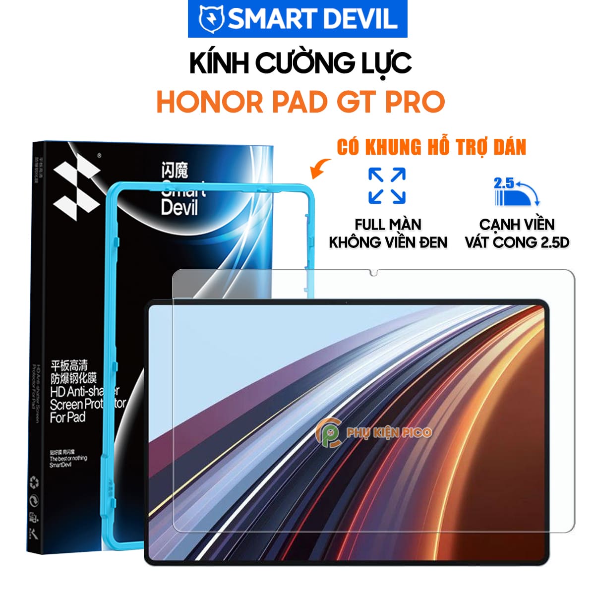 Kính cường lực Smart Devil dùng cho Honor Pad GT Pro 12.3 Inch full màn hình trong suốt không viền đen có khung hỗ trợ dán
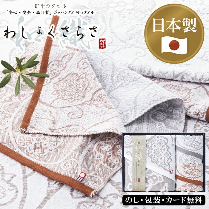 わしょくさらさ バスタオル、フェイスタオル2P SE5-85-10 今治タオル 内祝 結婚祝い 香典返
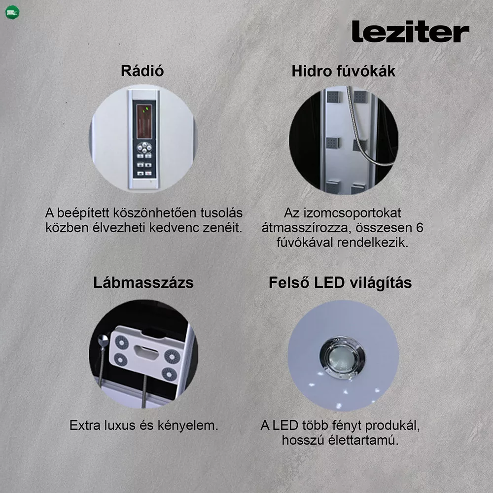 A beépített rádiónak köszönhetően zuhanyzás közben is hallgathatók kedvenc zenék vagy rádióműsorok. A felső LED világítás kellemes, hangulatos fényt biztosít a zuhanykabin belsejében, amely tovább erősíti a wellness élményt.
⁂
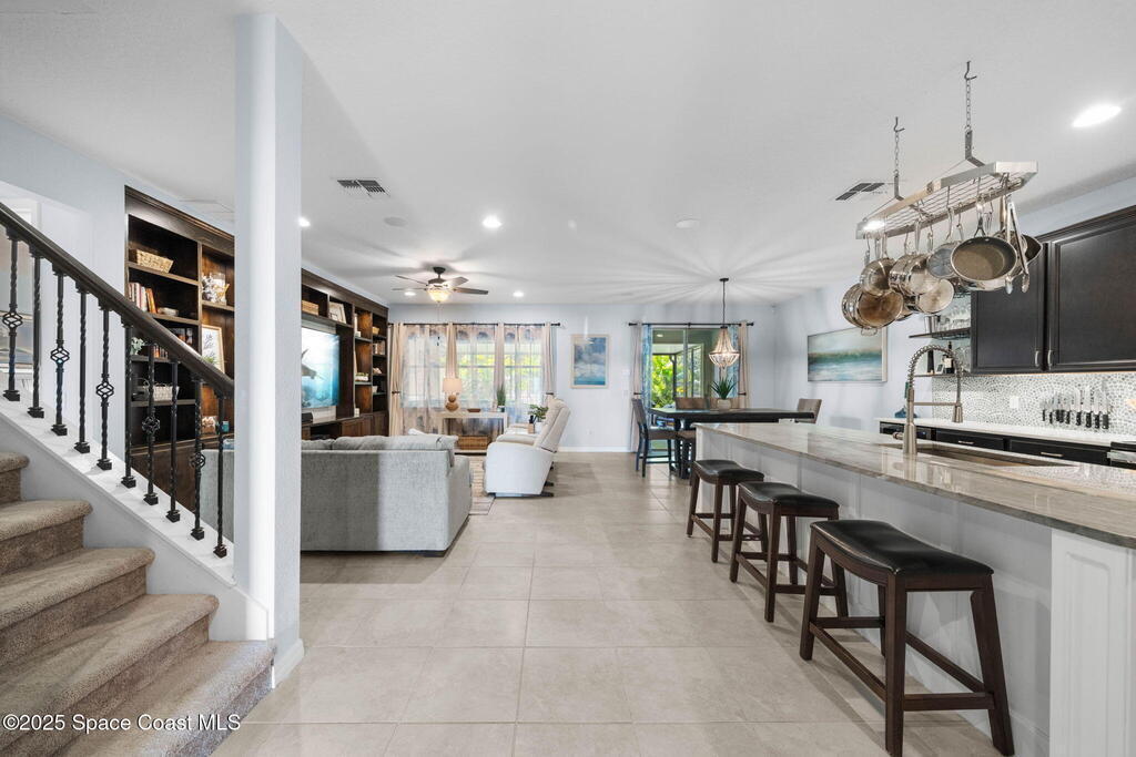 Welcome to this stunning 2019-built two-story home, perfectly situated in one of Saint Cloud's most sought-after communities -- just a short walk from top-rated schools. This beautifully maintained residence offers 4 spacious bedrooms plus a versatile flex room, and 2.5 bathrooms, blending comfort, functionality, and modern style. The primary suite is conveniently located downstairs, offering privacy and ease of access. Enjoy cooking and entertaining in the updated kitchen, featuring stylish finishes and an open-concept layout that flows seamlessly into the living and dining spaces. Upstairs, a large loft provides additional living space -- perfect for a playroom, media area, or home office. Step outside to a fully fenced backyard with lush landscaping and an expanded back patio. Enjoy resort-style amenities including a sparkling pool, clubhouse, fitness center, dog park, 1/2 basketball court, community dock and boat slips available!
⁂
WHAT YOU WILL DO: The reply should hold exactly the lines above, starting at the line with "わしょくさらさ バスタオル、フェイスタオル2P SE5-85-10" and ending at the line with "A beépített rádiónak", and no pictures.

YOUR SOLUTION:
 わしょくさらさ バスタオル、フェイスタオル2P SE5-85-10 今治タオル 内祝 結婚祝い 香典返
 A beépített rádiónak köszönhetően zuhanyzás közben is hallgathatók kedvenc zenék vagy rádióműsorok. A felső LED világítás kellemes, hangulatos fényt biztosít a zuhanykabin belsejében, amely tovább erősíti a wellness élményt.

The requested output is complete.